The output power of the first delivery pump 305 is adjustable, and the delivery speed of the stock solution to the two-fluid atomizing nozzle 407 is adjustable. The first delivery pump 305 in this embodiment is preferably a plunger pump, which is driven by a motor, the rotational speed of which is adjustable, thereby adjusting the output power of the plunger pump. The plunger pump has the advantages of stable flow, small pulsation and remote delivery.
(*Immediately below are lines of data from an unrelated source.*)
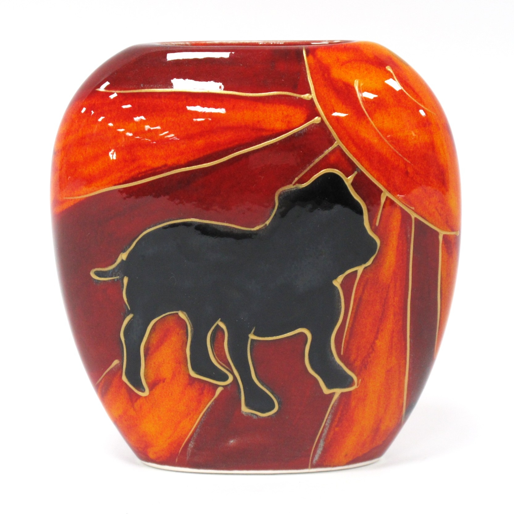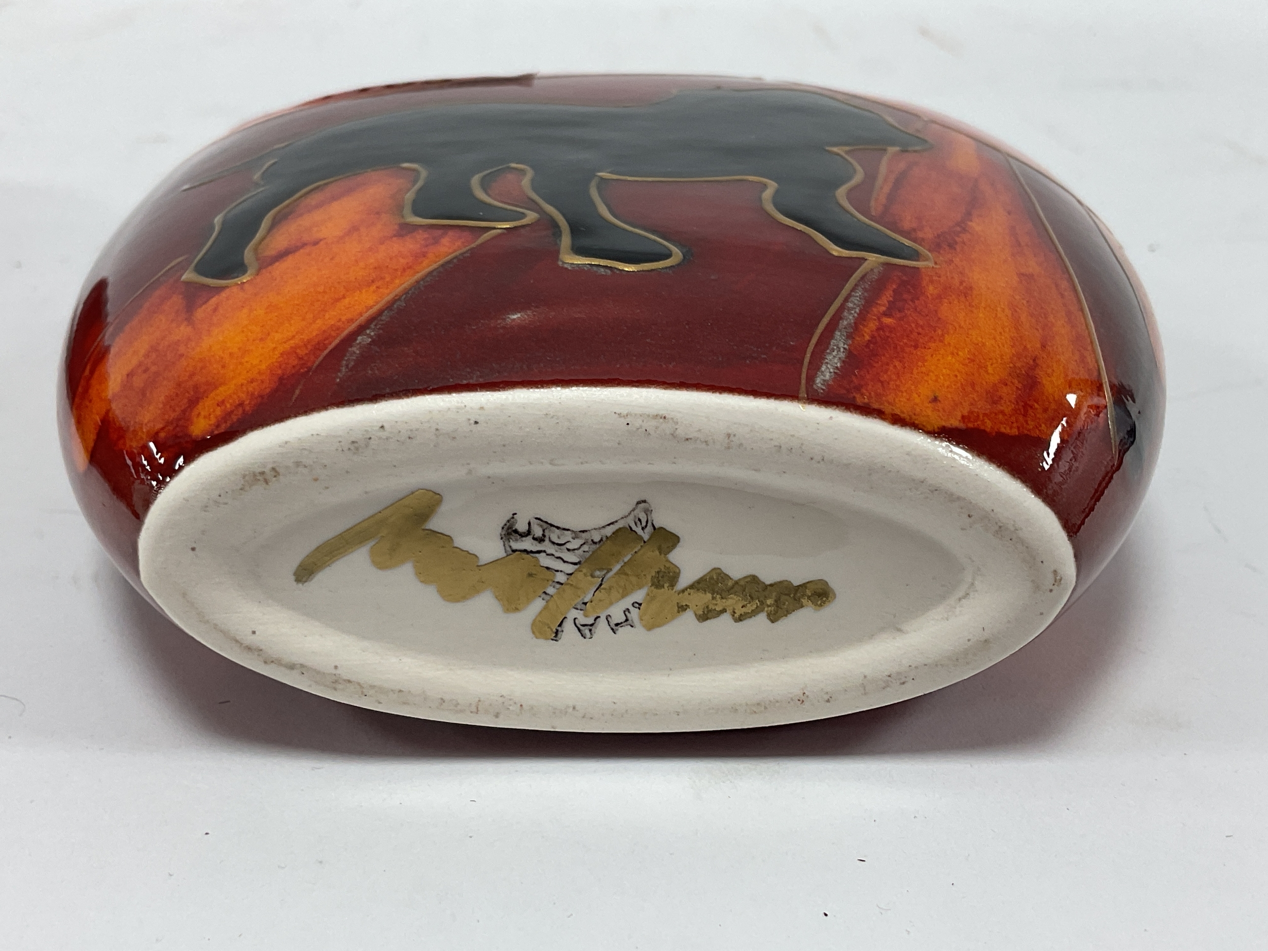 Anita Harris Deco Dog British Bull Dog Purse Vase, gold signed, 12cm high.
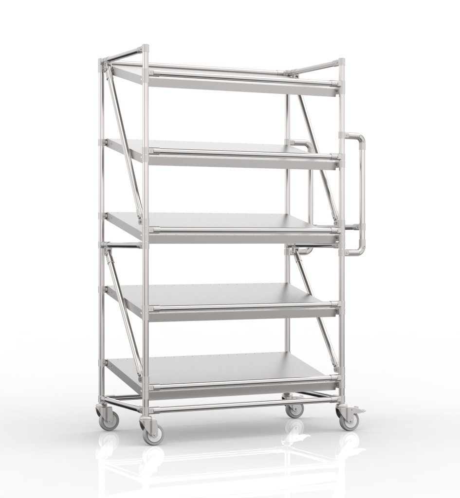 Súčasťou vozíka sú dve otočné kolieska s brzdou a dve otočné kolieska bez brzdy s priemerom 100 mm. Prednosťou týchto koliesok je nízky valivý odpor a vďaka tomu komfortná manipulácia. Konfiguráciu koliesok je možné zmeniť podľa požiadaviek zákazníka. Vozík je tiež vybavený ergonomickou rukoväťou pre ľahšiu a komfortnejšiu manipuláciu. Celková nosnosť 300 kg, nosnosť na polici 60 kg. Rozmery 1807 x 1066 x 567 mm.
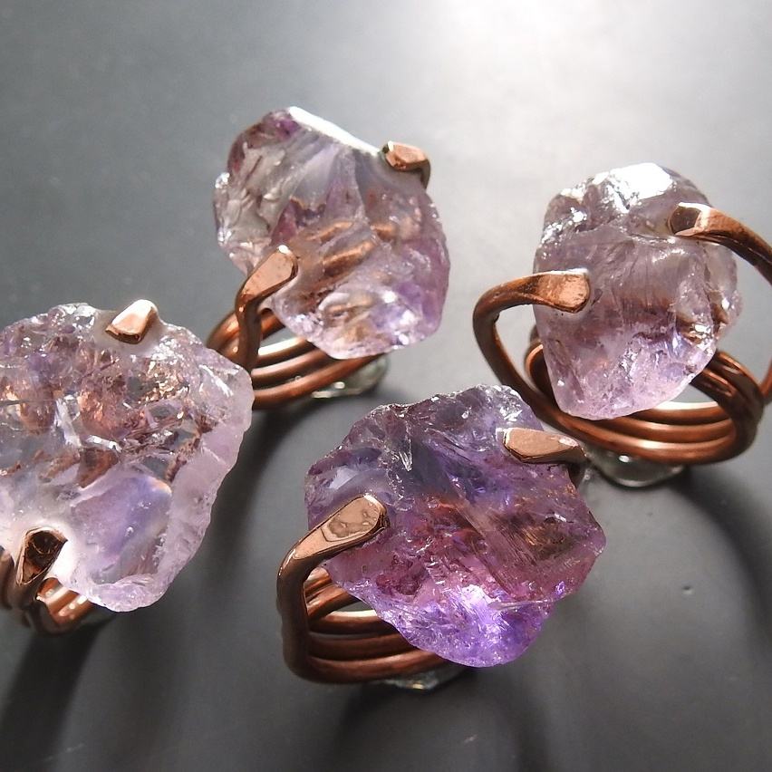 อเมทิสต์ พลอยดิบธรรมชาติ หุ้มทองบนทองแดง ปรับขนาดได้ ของขวัญสำหรับเธอ เครื่องประดับแฟชั่น แบบเดียวเท่านั้น
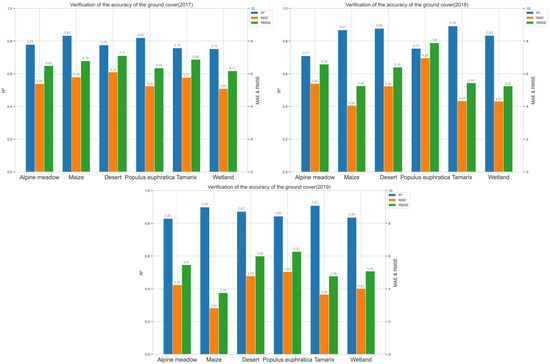 Bar chart of validation accuracy metrics (R2, MAE, RMSE) of FM-LST for different land cover types from 2017 to 2019.

Optionally, the raw liquid pipeline assembly further comprises a second flow detection mechanism 306, and the second flow detection mechanism 306 is disposed on the raw liquid delivery pipe 300. In this embodiment, the second flow rate detecting mechanism 306 is a flow rate sensor, and in other embodiments, may also be a flow meter or the like. The second flow rate detecting mechanism 306 can detect the flow rate of the raw liquid in the raw liquid delivery pipe 300, and the first delivery pump 305 is controlled by the second flow rate detecting mechanism 306 to control the power of the first delivery pump 305 in accordance with the detected flow rate value, thereby adjusting the flow rate of the raw liquid delivered to the two-fluid atomizing nozzle 407 to a set value.

The stock solution pipeline assembly further comprises a liquid conveying pipe 310 and a diaphragm pump 303, the diaphragm pump 303 is arranged on the liquid conveying pipe 310, one end of the liquid conveying pipe 310 is connected to the top of the buffer tank 304, and the other end of the liquid conveying pipe 310 extends into the stock solution storage container 301 (stock solution barrel). In this embodiment, the diaphragm pump 303 is an electric diaphragm pump 303, a low liquid level switch 308 and a high liquid level switch 309 are disposed in the buffer tank 304, the diaphragm pump 303 is controlled by the low liquid level switch 308 and the high liquid level switch 309, when the liquid level in the buffer tank 304 is higher than the high liquid level switch 309, the diaphragm pump 303 is turned off, and the buffer tank 304 is no longer replenished with the original liquid; when the liquid level in the buffer tank 304 is lower than the low level switch 308, the diaphragm pump 303 is turned on to replenish the buffer tank 304 with the raw liquid. One end of the infusion tube 310, which is far away from the buffer tank 304, is connected with a liquid absorption rod 302, the liquid absorption rod 302 extends into the raw material storage container, the bottom of the liquid absorption rod 302 is provided with a liquid level switch 307, and when the liquid level in the raw liquid storage container 301 is lower than the liquid level switch 307, the raw liquid storage container 301 is replaced.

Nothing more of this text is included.